Wills can be both fascinating and frustrating, for what they say, what or who they miss out and what they may be hinting at! A collection of wills for a single community like Lydiard Tregoze provides information which is useful to local, family and social historians. This collection highlights 8 of the 47 Lydiard Tregoze wills contained in The Lydiard Archives which help to establish a picture of the wider community and how people came together across all groups of society, rich and poor.
In these wills, as well as family members, we may find servants, friends and associates. Unsurprisingly, the St.Johns as lords of the manor also appear. Where there are several wills for members of the same family it can be possible to create a family tree over several generations, for example, the Clerkes. The will of mother and son provides the extended family not only within Lydiard Tregoze but beyond into Oxfordshire.
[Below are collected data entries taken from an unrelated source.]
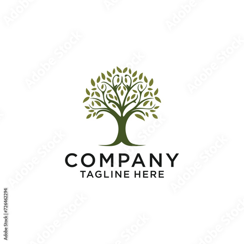 Tree logo icon template design. Garden plant natural line symbol. Green branch with leaves business sign. Vector illustration.
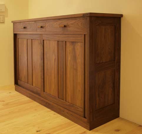 | 幅150cm×奥行41.5cm×高さ100cm 材料:ウォールナット 塗装:アトリエベル クラフトオイル、蜜蝋ワックス 天板はガラス張りになっていて、お子様のかわいい靴を収納されるそうです。 |
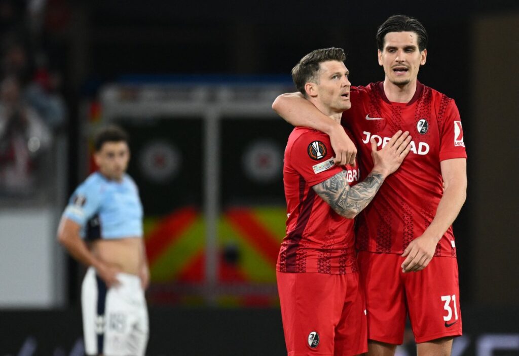 Niklas Beste doubled Freiburg’s lead at the end of a fine team move and Matthias Ginter headed in 12 minutes from time to secure a commanding first leg lead.
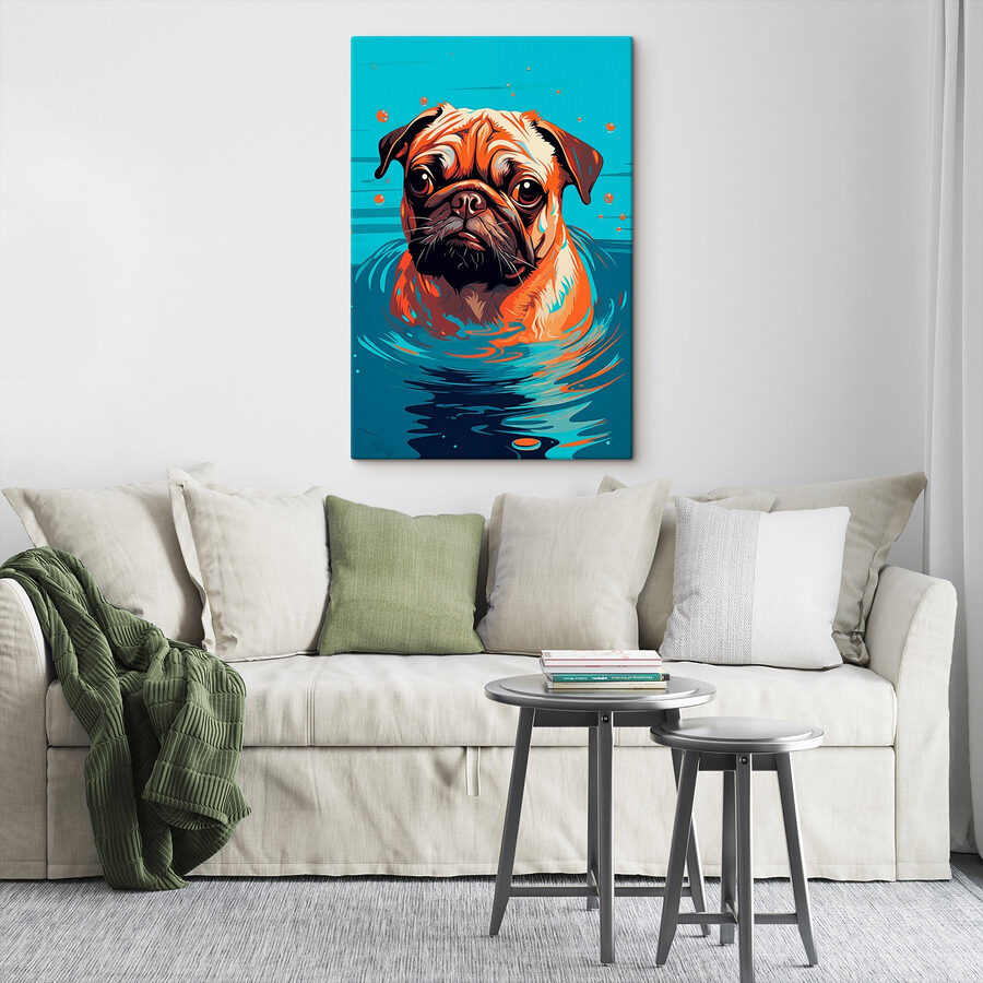 Tauchen Sie ein in einen Spritzer Freude mit diesem bezaubernden Leinwanddruck, auf dem ein Hund durch das Wasser paddelt, umgeben von entzückenden Blasen! Es ist, als würden Sie ein Stück Fantasie direkt in Ihr Wohnzimmer holen. Stellen Sie sich vor, Sie machen es sich mit Ihren Lieblingsfreunden gemütlich, lachen gemeinsam und entdecken diesen Hund, der seinen besten „Ich bin total entspannt”-Blick auflegt – was für ein Gesprächsaufhänger! Die leuchtenden Farben lassen ihn hervorstechen, erhellen jeden Raum und sorgen für einen Hauch von Fröhlichkeit. Perfekt für Hundeliebhaber oder alle, die eine Portion gute Laune brauchen. Dieses Werk strahlt einfach gute Stimmung aus und erinnert uns an unbeschwerte Tage am Wasser. Ob im Schlafzimmer oder im Flur, es zaubert Ihnen garantiert ein Lächeln ins Gesicht und weckt Erinnerungen an Sommertage, an denen Sie im Wasser planschten. Wer möchte nicht, dass sein Zuhause ein bisschen verspielter wirkt?

Testators generally refer to their last will and testament. The testament dealt with bequests of goods and chattels, gave instruction for burial and ensured debts were paid. Wills were concerned only with land. Testaments fell under the jurisdiction of the church and were proved in church courts. Wills, because they dealt with land are therefore often missing as they were not submitted for probate, falling outside the jurisdiction of the church - although by the fifteenth century, this distinction was starting to be lost.
The majority of wills and testaments were made by men, as this collection shows. Married women could only leave their personal possessions, and then only with their husband’s permission. Widows and spinsters however, had more freedom in making their last will and testament.
Our featured wills cover four centuries for which wills have been found; the earliest will in English, that of Robert Wells, hints at the wider politics of the time. Mary was the first queen in her own right, but she chose to marry a foreign king and there were possible implications for English sovereignty. The will reminds us that the national story is also important when trying to find the local one. As we move forward in time, we can also see changes in religion which are reflected in the arrangements for the care of the testator’s soul.
The will of Elizabeth Wells, in leaving bequests to her granddaughters suggests the age at which girls were expected to marry, while John Halston’s suggests we should not jump too quickly to a conclusion about where a will may be found based on occupation or status. As a husbandman it might be easy to conclude that if he did make a will, it would have been proved in the archdeacon’s court, but his cows kept at Highworth made a difference to the rules of probate, and his executors had to make the journey to London to prove the will in the Prerogative Court of Canterbury.